In Multispeech, we consider speech as a multimodal signal with different facets: acoustic, facial, articulatory, gestural, etc. The general objective of Multispeech is to study the analysis and synthesis of the different facets of this multimodal signal and their multimodal coordination in the context of human-human or human-computer interaction. While this multimodal signal carries all of the information used in spoken communication, the collection, processing and extraction of meaningful information by a machine system remains a challenge. In particular, to operate in real-world conditions, such a system must be robust to noisy or missing facets. We are especially interested in designing models and learning techniques that rely on limited amounts of labeled data and that preserve privacy.
Therefore, Multispeech addresses data-efficient, privacy-preserving learning methods, and the robust extraction of various streams of information from speech signals. These two axes will allow us to address multimodality, i.e., the analysis and the generation of multimodal speech and its consideration in an interactional context.

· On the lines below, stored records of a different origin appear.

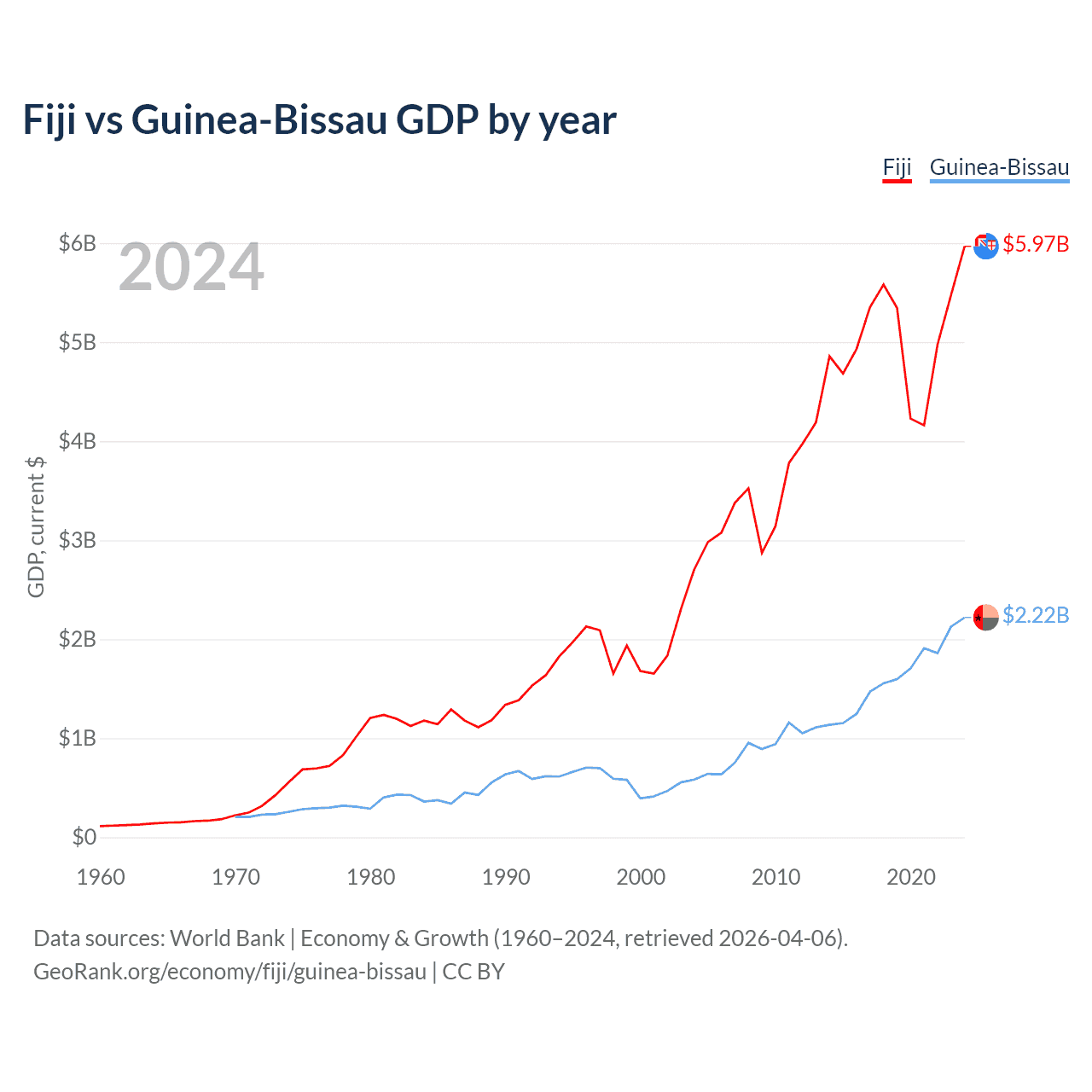 Fiji vs Guinea-Bissau GDP by year
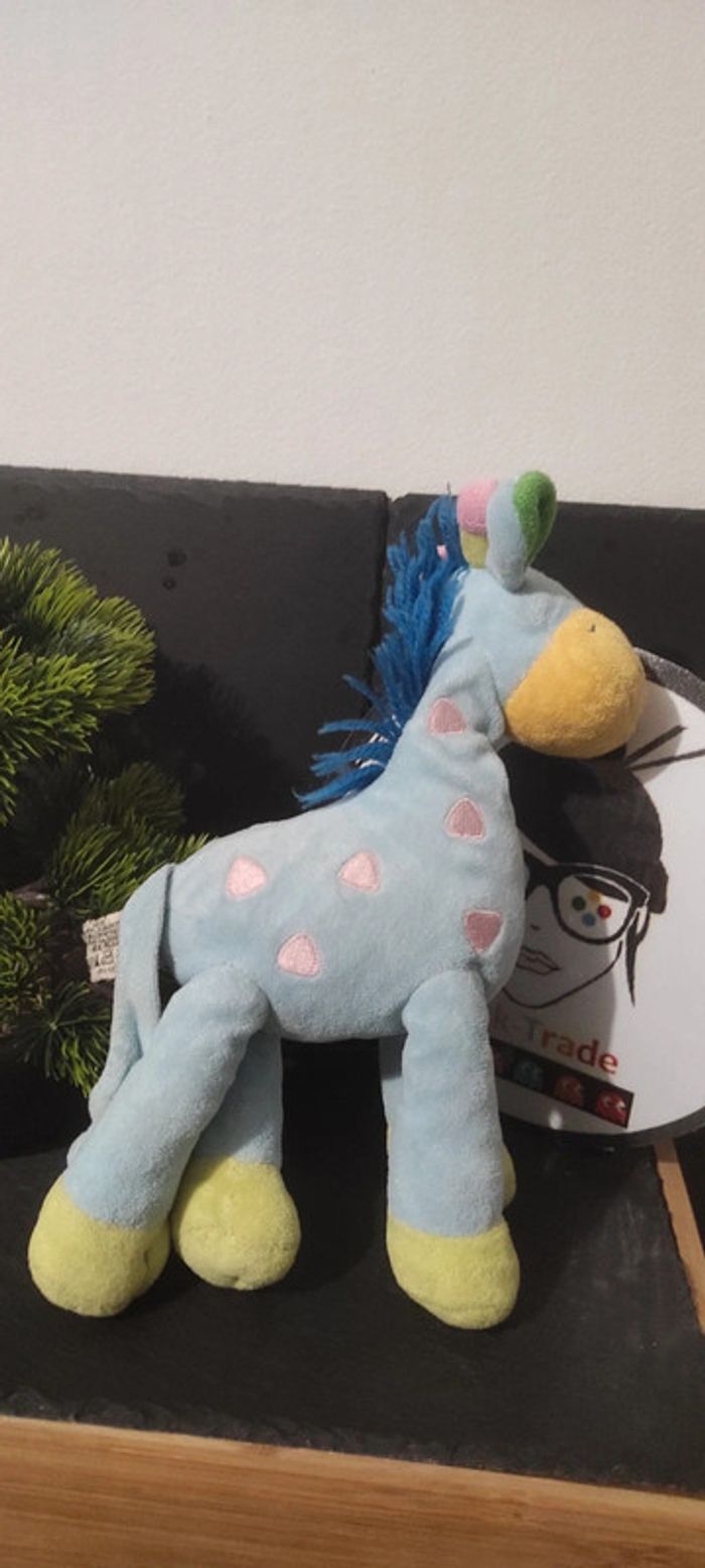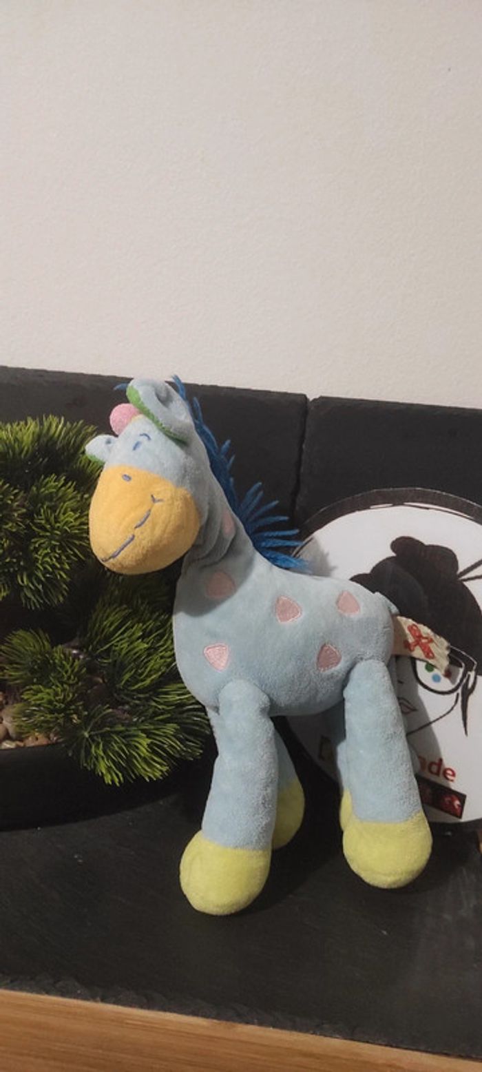 Girafe nicotoy peluche doudou bleu rose vert laine Triangle Bruissant Jaune - photo numéro 1
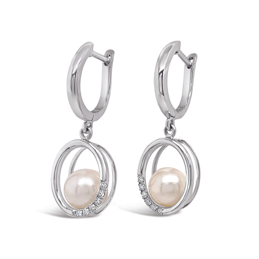 18k Oval Drop Pearl Diamond Earrings
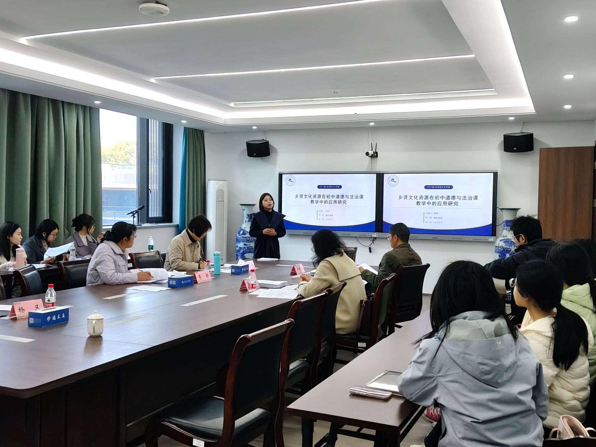本次预答辩按研究方向分两组进行,13名研究生依次汇报。评审组由方环非教授等八名校内导师评委,以及方谊、吴益妃两位校外专家评委共同组成。答辩前,评委在304会议室集中研讨论文共性问题,明确后期指导与质量管控要求。
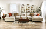 A pronounced honeycomb pattern offers subtle visual texture from a few feet away for an attractively ambiguous appearance. Book-ended by left and right-side corresponding chaise lounges, each with a single subtly curved track arm, the sofa between features giant square pillow back-rests and super stuffed seat cushions. A variety of pillows offer a colorful sense of whimsy while tapered wood feet provide a solid sense of security.
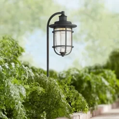 Complement a patio or path with the nautical feel of this LED landscape path light by John Timberland®. Embrace a classic lantern-inspired design with roots in dockside decor of a bygone era. Clear seedy glass is caged with metal while a textured black finish offers ample contrast and depth. Energy-efficient with a built-in 4 watt LED module offering 350 lumen output and a 3000K color temperature.
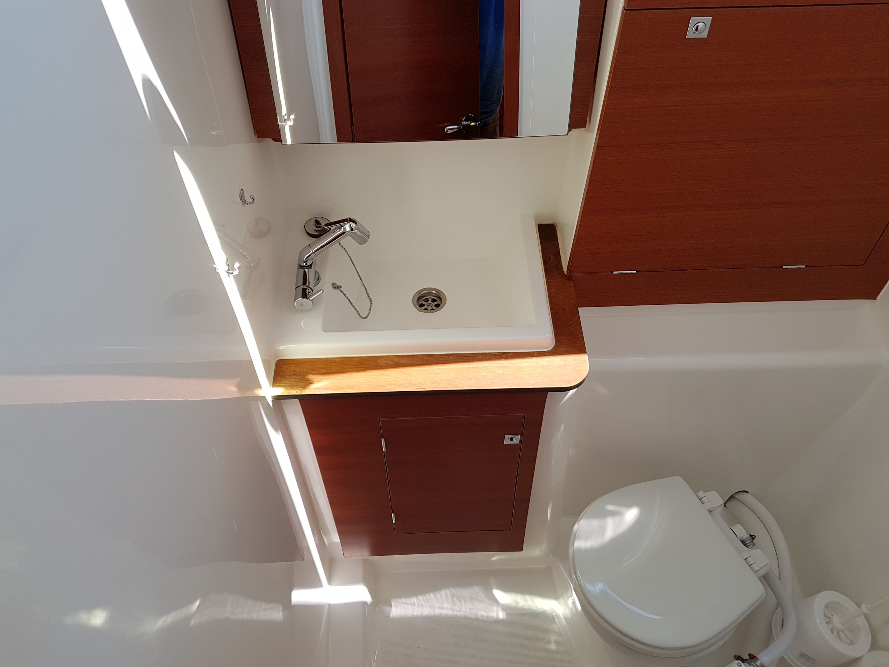 | Navigation | Barometer, Fernglas, GPS mit Kartenplotter im Cockpit, Hafenhandbücher, Handpeilkompass, Navigationsbesteck, Seekarten, Tridata (Log, Echolot, Windm.) |
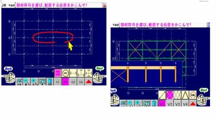 優れた操作性のCAD入力に対応。初心者にも分かりやすく、接合面等も図解で導く。ガイドに沿って入力するだけで材質/鋼材種別/規格ごとに重量・PL・AB・DPL・BS・HTB・階段・塗装面積・溶接長を瞬時に計測。図面を読み込み計測できる。

The outcomes will crystallize into a unified software platform for the development of embodied voice assistants. Our main objective is that the results of our research feed this platform, and that the platform itself facilitates our research and that of other researchers in the general domain of human-computer interaction, as well as the development of concrete applications that help humans to interact with one another or with machines. We will focus on two main application areas: language learning and health assistance.